In the large language model ( LLM ) research area, the modeling of Leap-of-Thought competence, i.e., creativity, is as important as the ability to Chain-of-Thought for the logical reasoning skills represented. However, there is currently a significant increase in the number of students targeting LLM In-depth discussions of creativity and effective assessment methods are still relatively scarce, which to some extent constrains LLM Development potential in creative applications.
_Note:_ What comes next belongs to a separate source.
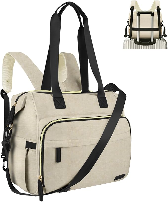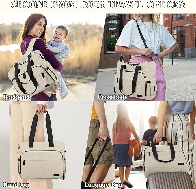 - 👜🍼4 Ways to Wear - Taking into account all your travel needs, we have designed 4 option to wear: tote, crossbody diaper bag, backpack and luggage bag. Strap is adjustable and removal, backpack strap can be hidden in the back pocket.
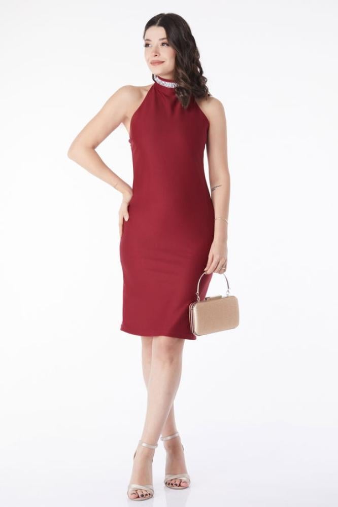 فستان سهرة نسائي بفتحة رقبة دائرية مستقيمة ومزين عنابي من TOFISA

The main reason for this is that it is extremely difficult to construct an objective, automated and reliable assessment process for the abstract concept of "creativity".


Figure 1

In the past, many of the responses to LLM Attempts to measure creativity, as shown in Figure 1, continue to use multiple-choice and sequencing questions, which are commonly used to assess logical thinking skills. These methods are good at examining whether the model recognizes the "optimal" or "most logical" option, but they are not good at assessing true creativity - the ability to generate new and unique content. But they are not as good at assessing true creativity - the ability to generate new and unique content.

For example, consider the task in Figure 2: Based on the picture and the existing text, fill in the "? The content should be creative and humorous.

Figure 2

If this is a multiple choice question, provide options "A. Can you help me?" and "B. Can you help me out of my handcuffs?" and "B. Can you uncuff me?" and "B. Can you help me get out of my cuffs? LLM B is likely to be chosen, not because it shows creativity, but simply because option B is more "special" or "unusual" than option A, and the model is able to make the choice through pattern recognition rather than creative thinking.

valuation LLM of creativity, the core should be examined for itsgeneratingThe ability to innovate content rather thanjudgmentThe ability of the content to be innovative or not. Traditional assessment methods, such as multiple choice, are more focused on the latter and therefore have limitations. Currently, the main methods that can directly assess generative capacity are manual assessment and LLM-as-a-judge (Use LLM (as a review). Manual assessments, while accurate and consistent with human values, are costly and difficult to scale. While LLM-as-a-judge The performance of the method on creativity assessment tasks is still immature and the stability of the results needs to be improved.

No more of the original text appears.